When you’re looking to save a nest egg for retirement, you need to make sure that you manage your investment risk carefully. On the one hand, you want to try to maximize your returns down the road, yet on the other hand, you need to make sure that your investments aren’t going to leave you broke when you’re too old to work anymore. It’s certainly a tricky balancing act.
Setting aside savings from your salary is undoubtedly tricky, so your best plan for retirement is to earn high returns on savings without acquiring too many stocks and watching the stock market frantically like a panicked hawk. However, once you’ve actually retired, at least for most people, the plan is to maintain the savings for as long as possible, rather than keep growing them further.
When you’re younger, you can afford to take more risks with your portfolio because you most likely have income coming in from a salary. Although in your retirement you may have some sort of pension income, it’s not likely to be as much as a salary, and as a result you need to consider investing in very safe portfolios. Stability and predictability are your best bet as you retire, and if you’re going to opt for some risky investments, you’d better make sure you have a diverse range of safe investments in order to back it up.
Some personality types may not be too worried about investment risk, finding it exciting or interesting. Most of us, however, want to be secure and know that we won’t end up on the streets if the stock market suddenly crashes overnight.
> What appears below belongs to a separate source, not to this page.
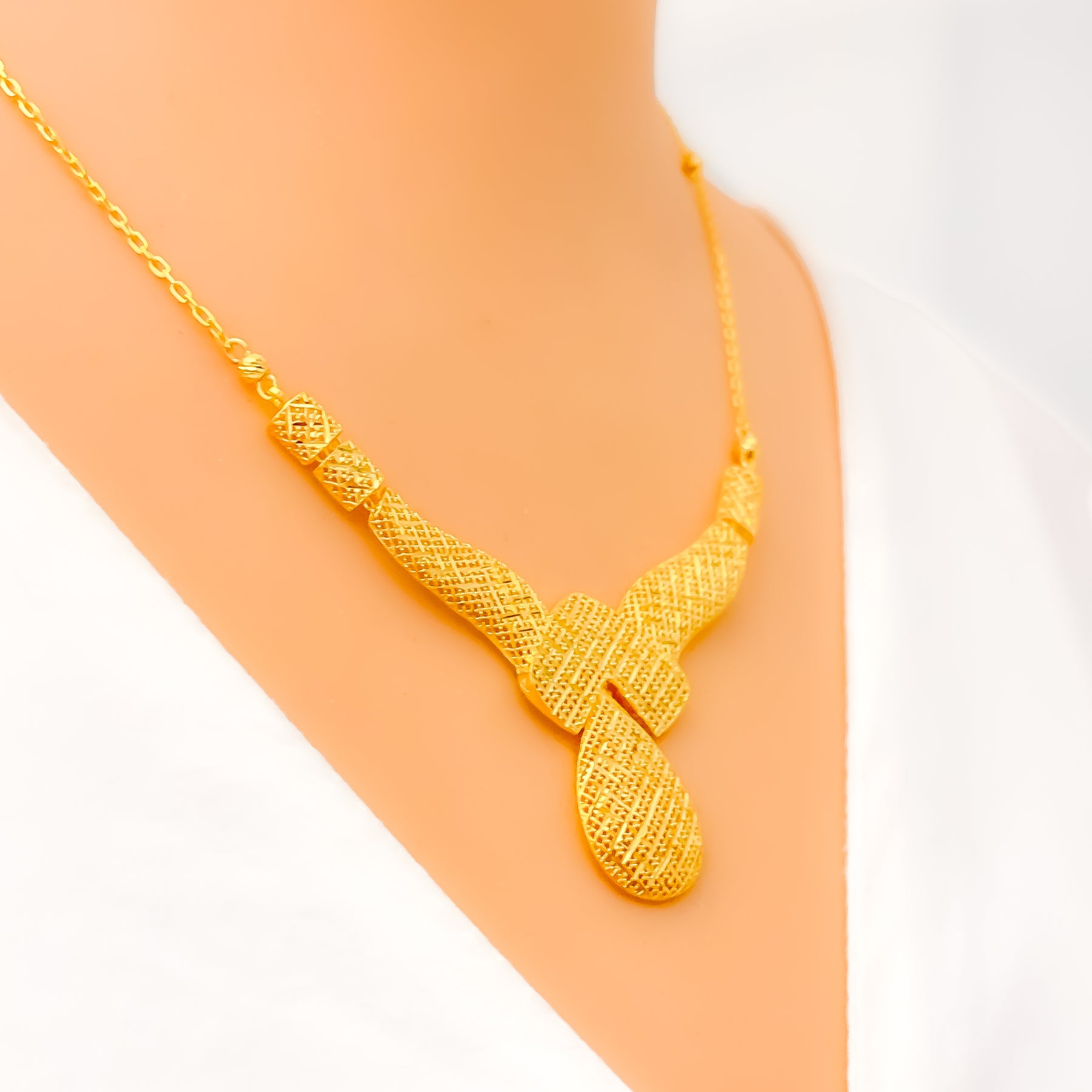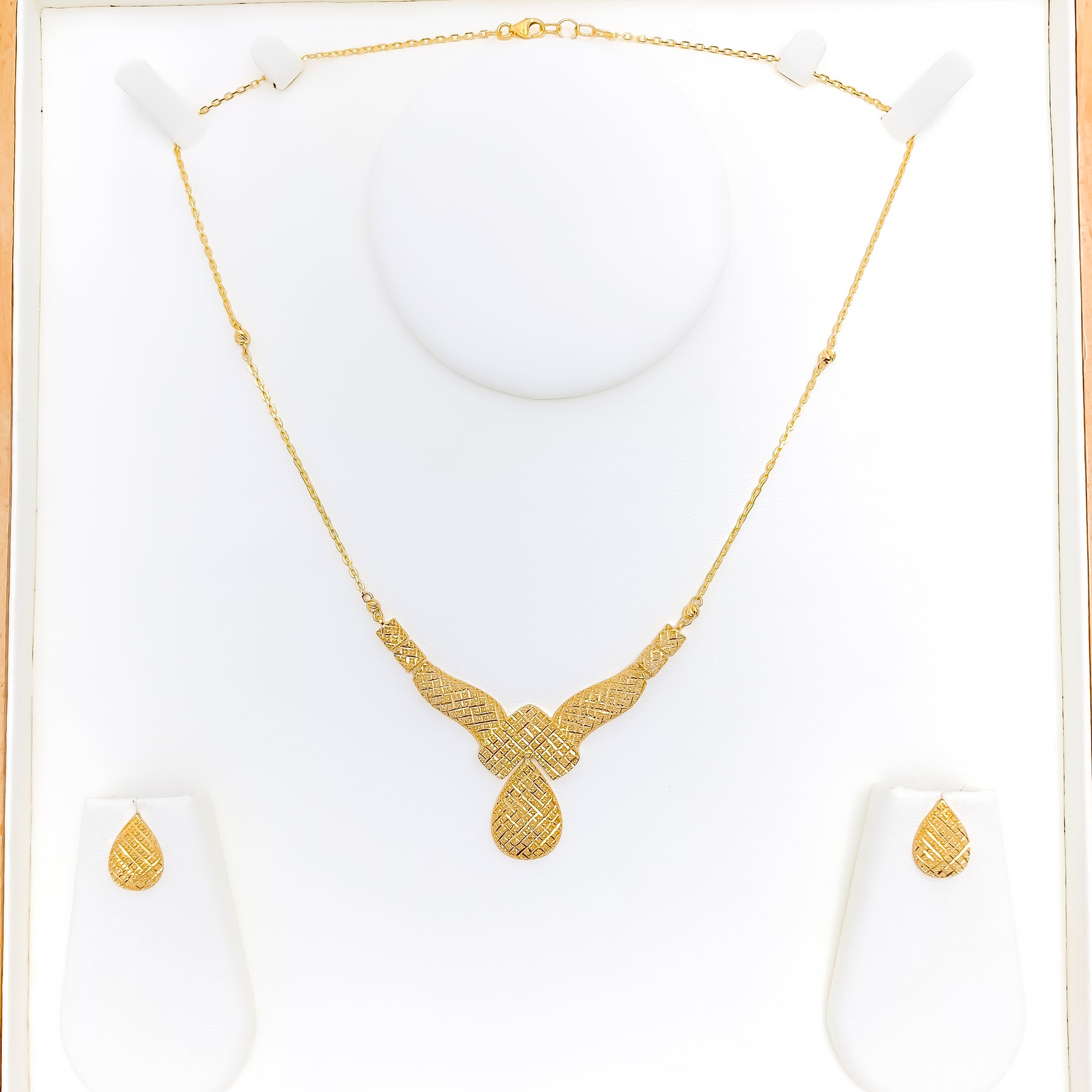 Asymmetrical Leaf Accented 22k Gold Necklace Set

The Warren Buffett Retirement Portfolio
The Warren Buffett Retirement Portfolio is a common investment strategy for retirees which suggests that you invest 90% of your savings into a Standard & Poor’s 500 index fund and the last 10% into government bonds which are short-term. However, this is quite misguided, as a 9/1 ratio of stocks and bonds could see a retiree running out of money over the long term, especially if they maintain their health for many years to come.
On the other hand, if you do opt for a very safe investment approach, you still have to consider how you’re going to make it work. Even if you’re going for a very safe approach, we cannot always predict how the markets will behave, and it can nonetheless be difficult to ascertain and predict your returns. Ultimately, your stocks/bonds ratio could end up being more volatile than you imagined, leaving you with a degree of uncertainty about your investments and their returns.
The T Rowe Price Retirement Income Calculator
Nonetheless, perhaps you should use a tool such as the T Rowe Price Retirement Income Calculator, which will help you to calculate the mix of stocks and bonds that are able to support and help you with varying levels of withdrawals throughout your golden years. Using the calculator, you should be able to determine the stocks/bonds mix which is best for you and your future, leaving you with an acceptable level of risk. Put simply, you need to be able to weather the storm should things go awry on the markets.
Limiting yourself to a reasonable withdrawal rate, for example 3% or 4% initially, allowing room for inflation, you should be able to allocate a diverse range of stocks/bonds which help you to maintain a nest egg for a good 30 years or so. Of course there’s always the fear of running through your savings too soon, especially when you have little income coming your way, but by being savvy, calculating your risks, diversifying your portfolio, and using calculators such as this to help you out, you should be able to prepare your retirement funds effectively.
The bottom line
When coming up with your retirement investment plan, you need to be incredibly flexible. For example, perhaps it may be a good idea to invest more heavily in stocks while still carrying an acceptable level of risk. Or you may for example decide to use a portion of your savings on an immediate or longevity annuity, guaranteeing yourself a form of income in addition to Social Security, thereby giving yourself a safety net if things go awry with the markets… as they often do.